With the Facebook-led Libra project grabbing headlines, regulators around the world have been scrambling to coordinate their response to a phenomenon that has financial stability implications.
Speaking at a Brookings Institution event, BofE governor Andrew Bailey stressed that if stablecoins are to be widely used as a means of payment "they must have equivalent standards to those that are in place today for other forms of payment types and the forms of money transferred through them".
Specifically, Bailey raised concerns that some stablecoin proposals do not include a legal claim for coinholders, while other propose backing in instruments that may have material risk but do not have the protections of other options.

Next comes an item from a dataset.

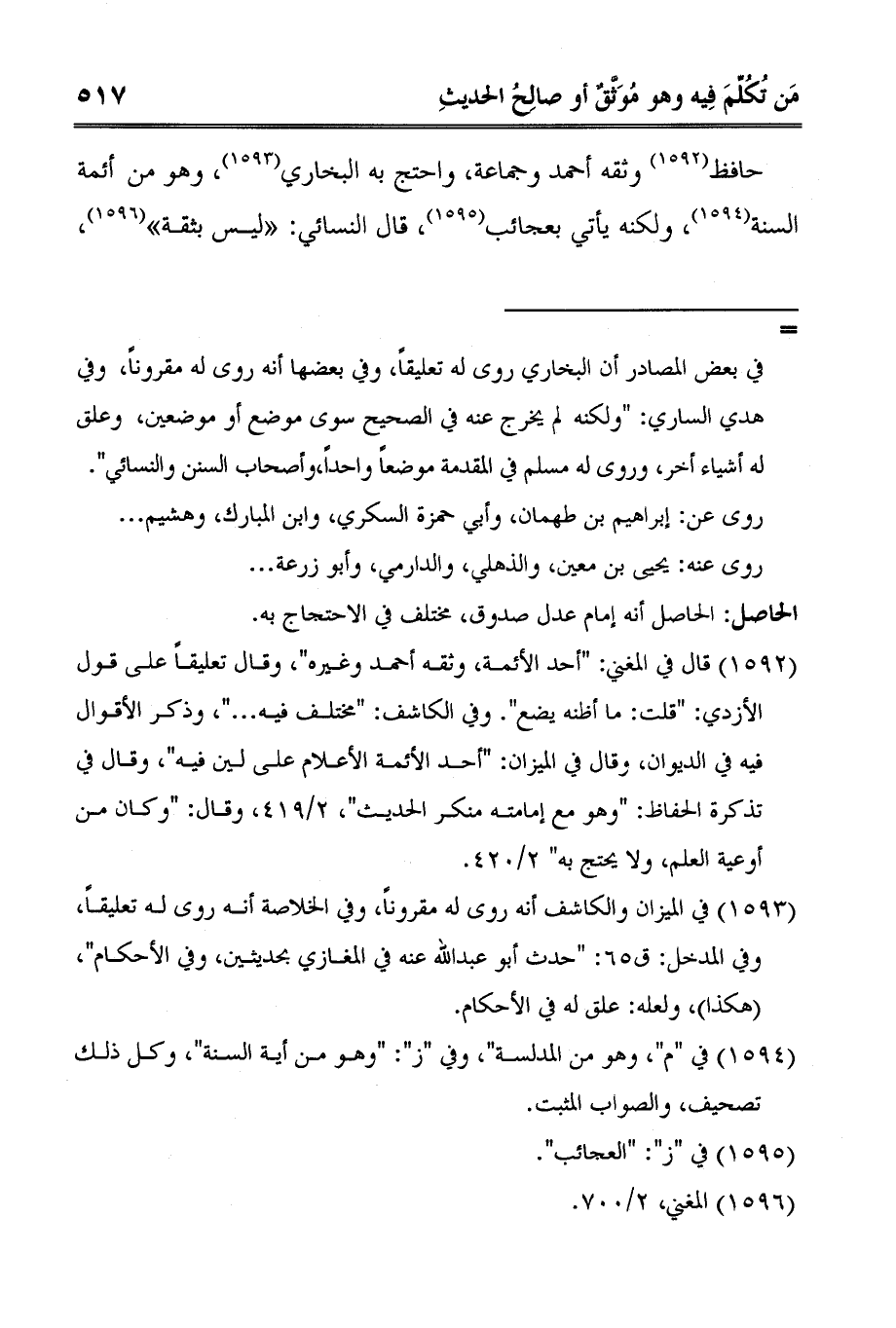 1 قال في المغني: "أحد الأئمة، وثقه أحمد وغيره"، وقال تعليقاً على قول الأزدي: "قلت: ما أظنه يضع". وفي الكاشف: "مختلف فيه ... "، وذكر الأقوال فيه في الديوان، وقال في الميزان: "أحد الأئمة الأعلام على لين فيه"، وقال في تذكرة الحفاظ: "وهو مع إمامته منكر الحديث"، 2/419، وقال: "وكان من أوعية العلم، ولا يحتج به" 2/420.

"While this might be acceptable for speculative investment purposes, it would not be for payments widely relied upon by households and businesses. Stablecoins need to offer coin holders a robust claim, with supporting mechanisms and protections to ensure they can be redeemed at any time 1-to-1 into fiat currency," said Bailey.
For global stablecoins, the regulatory response must be grounded in internationally-agreed standards, said Bailey, noting the work currently being done by the G7 and Financial Stability Board.
The governor also warned that "we will strongly consider the need for an entity to be incorporated in the UK" for any sterling retail stablecoin wanting to operate at scale in the country. This could impact Libra, which has said its payment system will support single-currency stablecoins - possibly including sterling - in addition to a multi-currency token.
Elsewhere, Bailey said that stablecoins and central bank digital currencies are "not necessarily mutually exclusive" but offered little on plans for a CBDC other than that the bank is "exploring these issues".E-money regulation
In his speech, the governor also hinted at possible future changes to the regulation of e-money. Bailey noted that under EMD2 and PSD2, e-money does not have a direct link to fiat money and that the safeguarding regime does not have all the features of deposit protection.
"This means that if a firm failed, holders of its ‘money’ would be forced to pursue any recovery through a corporate insolvency procedure, which would neither be quick nor guarantee their funds back."
In a Q&A after his speech, Bailey speculated that the reason for the relaxed regulatory approach was a desire to promote innovation and a belief that e-money would be a "relatively small thing".
However, if it takes off sufficiently and becomes sufficiently systemic, there may be a need to reevaluate - particularity, says Bailey, because the public probably does not understand the difference in protections.